Iowa City, 20 times over sustainability level, works on carbon

BY MEGAN DIAL | APRIL 07, 2009 7:30 AM

Iowa City’s greenhouse-gas emission rate is similar to the nation’s average of 19.6 metric tons per capita. But that’s nearly 20 times more than the sustainable level.

The city’s average is based on preliminary data measuring the amount of fossil fuels burned in Iowa City. It was collected by Brenda Nations, the city’s greenhouse-gas emissions evaluator.

“We’re definitely one of the highest [countries] in the world,” she said, and the sustainable level for carbon emission is one metric ton per capita.

Nations collects data on everything in the city that uses fossil fuels — including buildings and vehicles — and then uses a program to translate the information into the carbon-dioxide equivalent.

Because the survey is not complete, she said, she couldn’t share exact statistics for Iowa City.

Several other cities in Iowa are completing the inventory as part of the organization ICLEI-Local Governments for Sustainability — including Dubuque, Des Moines, and North Liberty — but Nations said she hopes Iowa City will be the first to finish.

UI civil and environmental engineering Professor Jerald Schnoor said Iowa is well above the nation’s average — emitting about 40 metric tons per capita each year.

Schnoor is the chairman of the Iowa Climate Change Advisory Council, which, he said, has identified 54 options to reduce the state’s carbon footprint.

“Things as simple as enforcing building codes, driving more fuel-efficient cars, programmable thermostats in our houses, and weatherizing our homes — actions like that will not only save us money but also create jobs in Iowa,” he said.
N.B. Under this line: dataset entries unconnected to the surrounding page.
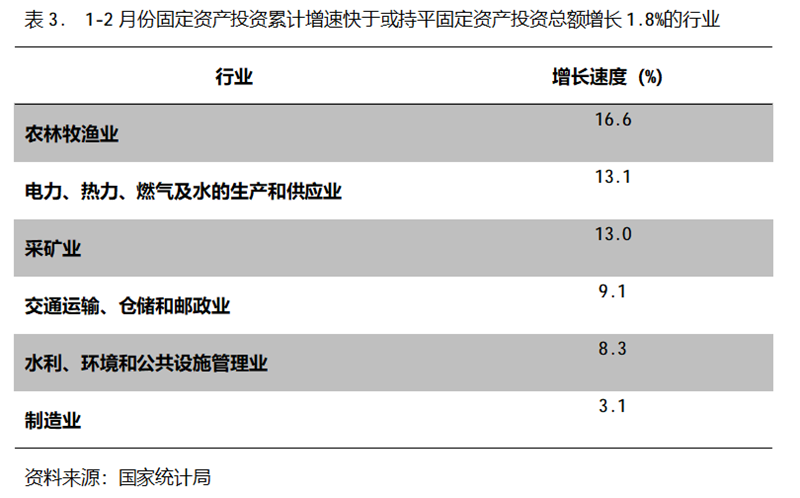 1-2月份,固定資產(chǎn)投資累計增速快于或持平固定資產(chǎn)投資總額增長1.8%的行業(yè)共6個,即農(nóng)林牧漁業(yè)增長16.6%,電力、熱力、燃氣及水的生產(chǎn)和供應(yīng)業(yè)增長13.1%,采礦業(yè)增長13.0%,交通運輸、倉儲和郵政業(yè)增長9.1%,水利、環(huán)境和公共設(shè)施管理業(yè)增長8.3%,制造業(yè)增長3.1%。
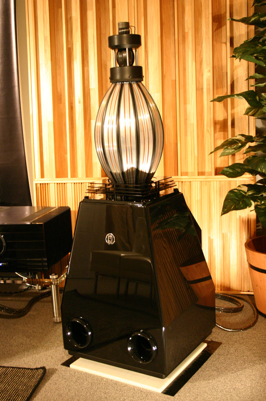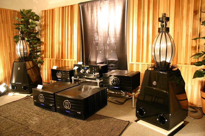 | ■ドイツのハイエンド・オーディオブランドの美しい呼吸球スピーカー mbl (エム・ビー・エル) エム・ビー・エルは、会場の端の階段を上がった目立たないところにあり、ブースの閉ざされたドアも「開けてもいいのかな?」と思わせる雰囲気があります。でも、ここを訪れずに帰るのは、大変もったいない話。ぜひ、ドアを開けて中へお入り下さい。部屋の中には美しくも、崇高なデザインのオーディオ製品の数々。ドイツのオーディオ・ブランド「mbl」の製品です。楽器から発せられる直接音と間接音を忠実に再現し、自然な音場を生み出すスピーカーシステムを始め、夢のような究極のオーディオの世界を楽しめます。
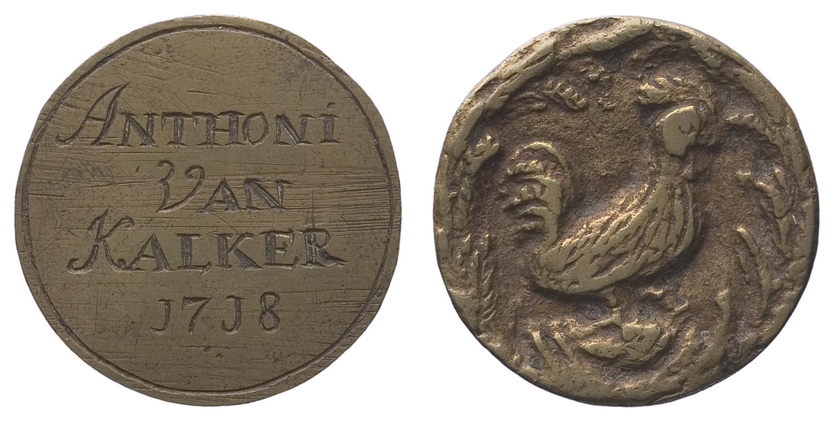 - signatuur, datering keerzijde: ANTHONI / 3JAN / KALKER / 1718

Schnoor said money is available under President Obama’s stimulus package for sustainable projects.
Iowa City officials have recently become aware of the possibility of earning federal funding for creating more energy-efficient programs, Nations said.

“We’re not at that point, but we hope that will be useful in our mission,” she said.
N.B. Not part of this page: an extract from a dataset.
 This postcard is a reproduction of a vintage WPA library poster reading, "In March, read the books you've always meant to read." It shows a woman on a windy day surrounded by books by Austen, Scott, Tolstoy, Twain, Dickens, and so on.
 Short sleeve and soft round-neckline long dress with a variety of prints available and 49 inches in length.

Before city officials begin new projects to reduce carbon emission, Nations said the No. 1 priority is to finish the inventory.

“We’re going to have to look into what we want to do and what we can do,” she said. “As far as the city, we don’t know yet.”

Liz Christiansen, the director of the UI Office of Sustainability, said, according to Nations’ report, the greenhouse-gas emissions for the UI Power Plant have reduced over the past eight years.

“That’s as a result of our biomass project,” Christiansen said. “That shows you the potential for further use of biomass and that’s certainly the direction we’re moving.”

Schnoor said the UI will continue to decrease its carbon emission by burning more biomass — a more sustainable method of incinerating oat hulls — and he hopes the UI and Iowa City will be able to work together to lower greenhouse-gas emissions.

“We are becoming very aggressive on energy conservation which should help reduce our energy demands,” Christiansen said.